L’edizione 2021 del festival-simposio dell’Associazione culturale “Fuorinorma” ripropone in presenza, oltre alle opere che erano state trasmesse nel 2020 in streaming, una selezione ragionata di film poco visti. Autori, ospiti illustri del panorama culturale italiano e spettatori saranno presenti per condividere le proprie opinioni sui film visti il giorno precedente e per ragionare insieme sui temi più ampi che riguardano il cinema italiano indipendente.

Partecipano illustri personaggi come Gianluca Arcopinto, Marco Bellocchio, Paolo Benvenuti, Maria Grazia Calandrone, Silvia Calderoni, Maria Luisa Celani, Antonietta De Lillo, Marta Donzelli, Virginia Eleuteri Serpieri, Agostino Ferrente, Giancarlo Grande, Pietro Montani, Gianfranco Pannone, Gregorio Paonessa, Cristina Piccino, Emanuela Piovano, Luca Ricciardi, Adele Tulli, Alessandra Vanzi, Mina Welby.

Tra i film in programma Palazzo di giustizia di Chiara Bellosi, che racconta quella che potrebbe essere una comune giornata in un tribunale italiano, Vanitas vanitatum, et omnia vanitas di Francesca Fini, sul concetto di ‘memento mori’ nella storia dell’arte, Per Lucio di Pietro Marcello, ritratto di Lucio Dalla. Il programma completo è scaricabile qui.

Alla presentazione  intervengono Adriano Aprà, presidente dell’associazione, Giovanna Pugliese, responsabile Ufficio Cinema – ABC della Regione Lazio, e Francesca Fini, socia dell’associazione e autrice.

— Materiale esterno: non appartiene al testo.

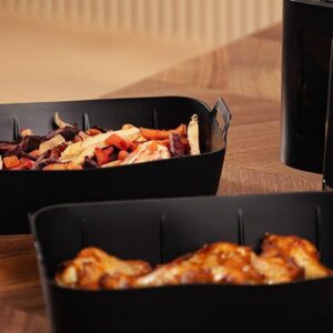 Der ONYX COOKWARE™-HEISSLUFTFRITTEUSE wurde unter Berücksichtigung der Bedürfnisse Ihrer Familie entwickelt. Die Luftfritteuse ist ideal für Familientreffen oder Abendessen. Ihre großzügigen und einfachen Funktionen ermöglichen es Ihnen, große Mengen an Lebensmitteln schnell und effizient zuzubereiten. Stellen Sie sich vor, Sie kommen spät von der Arbeit nach Hause und müssen schnell Abendessen für Ihre Familie kochen – setzen Sie einfach zwei verschiedene Mahlzeiten in jeden Topf, drücken Sie die Synchronisations-Taste und lassen Sie die Luftfritteuse ihre Arbeit machen! Der ONYX COOKWARE™-HEISSLUFTFRITTEUSE ermöglicht es Ihnen, alles zu kochen, was Sie wollen, und das doppelt, was Ihnen Zeit und Mühe spart. Mit seinen doppelten Fritteusentöpfen mit einem Fassungsvermögen von 4+4 Litern können Sie mühelos große Familienessen im Handumdrehen zubereiten!
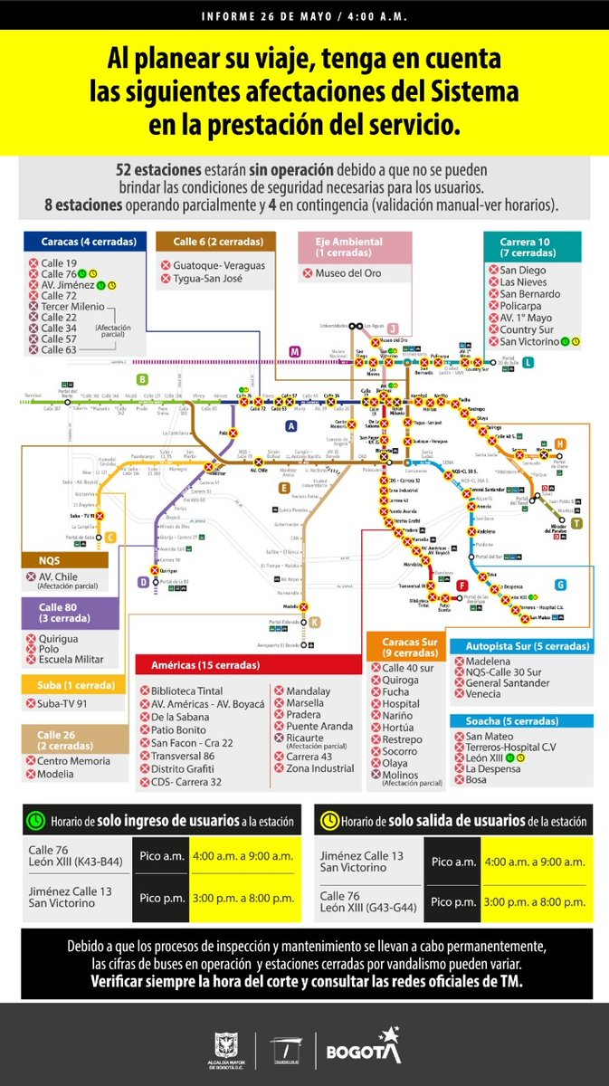 En las américas y usme se han registrado enfrentamientos entre manifestantes y la fuerza pública. En este nuevo formato podrás conocer de la mano de nuestro gerente general, felipe ramírez, todo lo que sucede en el sistema y sus diferentes componentes. Aún hay 41 estaciones fuera de servicio, y otras dos operan con contingencia. El sistema mantiene 51 estaciones cerradas debido a los daños en su infraestructura. 👇más información👇┊ ┊ ┊ ┊ 🗿┊ ┊ ┊ 👁🗨┊ ┊ 👽┊ 💀☣¡un cordial saludo queridísimo pueblo del misterio!
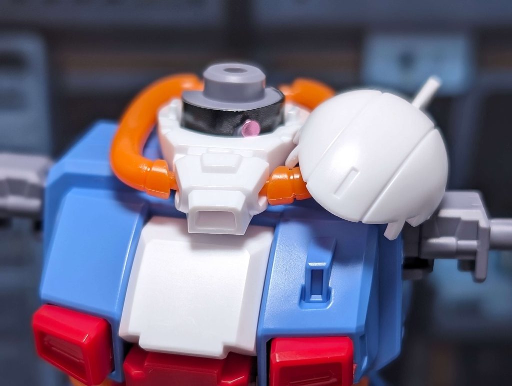頭部上部を外してモノアイ部分を可動させることで、メインカメラの位置を調整できます。
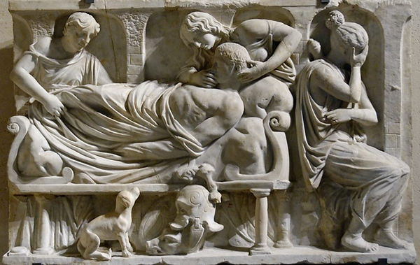 "Los ritos y costumbres funerarios tuvieron una evolución extremadamente progresiva a lo largo de la historia romana. En los tiempos más antiguos no existía un concepto totalmente definido, o claro, de que se podía esperar después de la muerte y los rituales, monumentos fúnebres y obras artísticas relacionadas a la muerte, tenían un sentido visual y de comunicar el status social del muerto que el de una significación religiosa. Luego con el pasar de los años, y los intercambios culturales con otras civilizaciones, se crearon monumentos colosales que vislumbraron al mundo. La sociedad se fue llenando de ritos y costumbres establecidas."
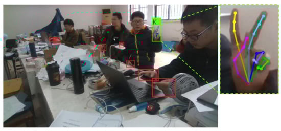 The proposed approach detects hands, recognizes the foreground hand gesture, and estimates the hand pose simultaneously. The red boxes denote the detected background hands, the green box denotes the detected foreground hand which is performing a gesture, the label attached to green box denotes the recognized gesture, and the right figure zoom in on the corresponding hand pose estimation result.
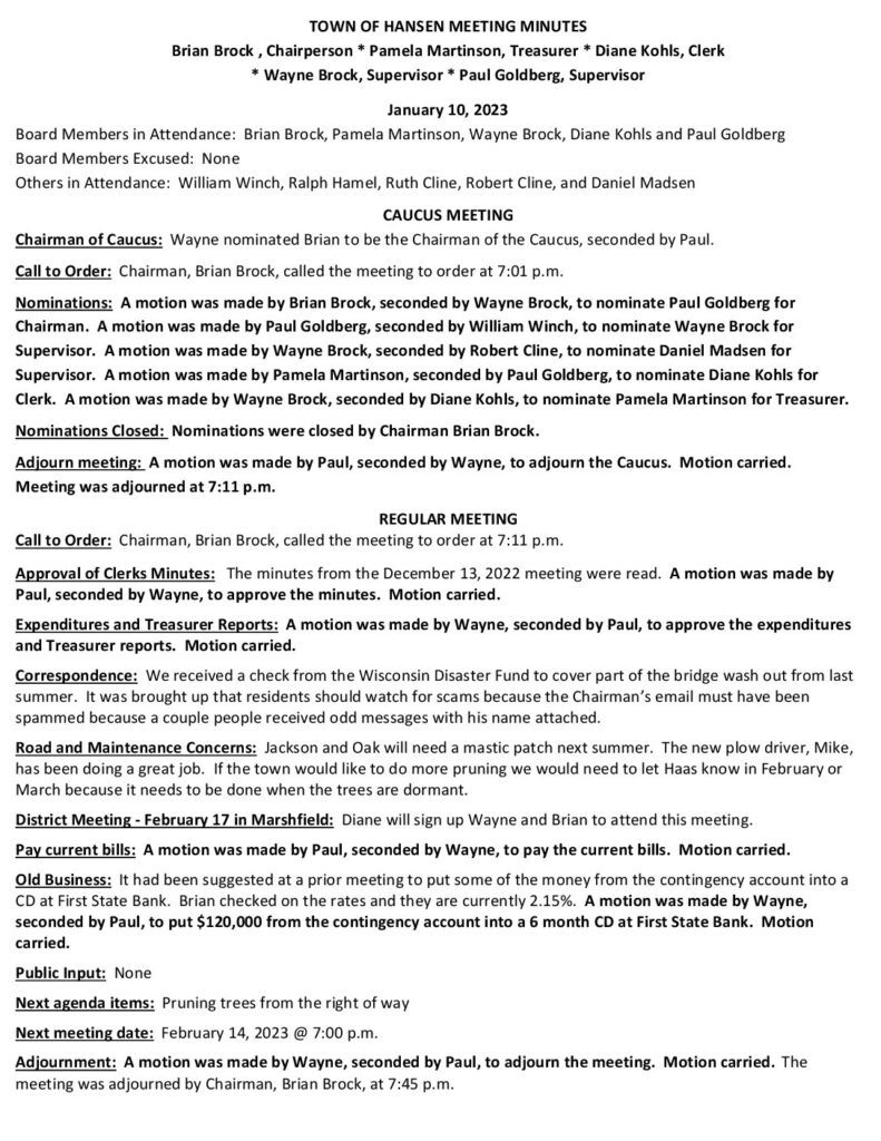Respectfully Submitted by Diane Kohls, Clerk, Town of Hansen

“SCENA parte dal nucleo del Filmstudio e ci tiene alla formazione dei ragazzi attraverso la collaborazione con le scuole Pasolini e Volontè – dice Pugliese –  E’ importante che questo spazio nato a giugno già abbia preso avvio con festival ed eventi. E’ un momento importante proprio perché ci stiamo mettendo di nuovo in discussione nel rapporto tra sale e piattaforme. Questo festival in particolare propone un cinema molto diverso, che ha difficoltà a uscire nelle sale e ad essere calcolato. Vogliamo essere invece un punto centrale per le opere di sperimentazione, i documentari, e definire una via sperimentale anche nel simposio. Siamo tutti attenzionati alle nuove tecnologie, che ben vengano se messe in un contesto di innovazione e intelligenza. Non vogliamo che tutti si ritrovino solo a casa davanti al televisore. La formazione viene dagli incontri, con gli autori e gli addetti ai lavori. Non bisogna essere scettici nei confronti delle novità purché non costituiscano barriere per i giovani che sperimentano e le nuove opere”.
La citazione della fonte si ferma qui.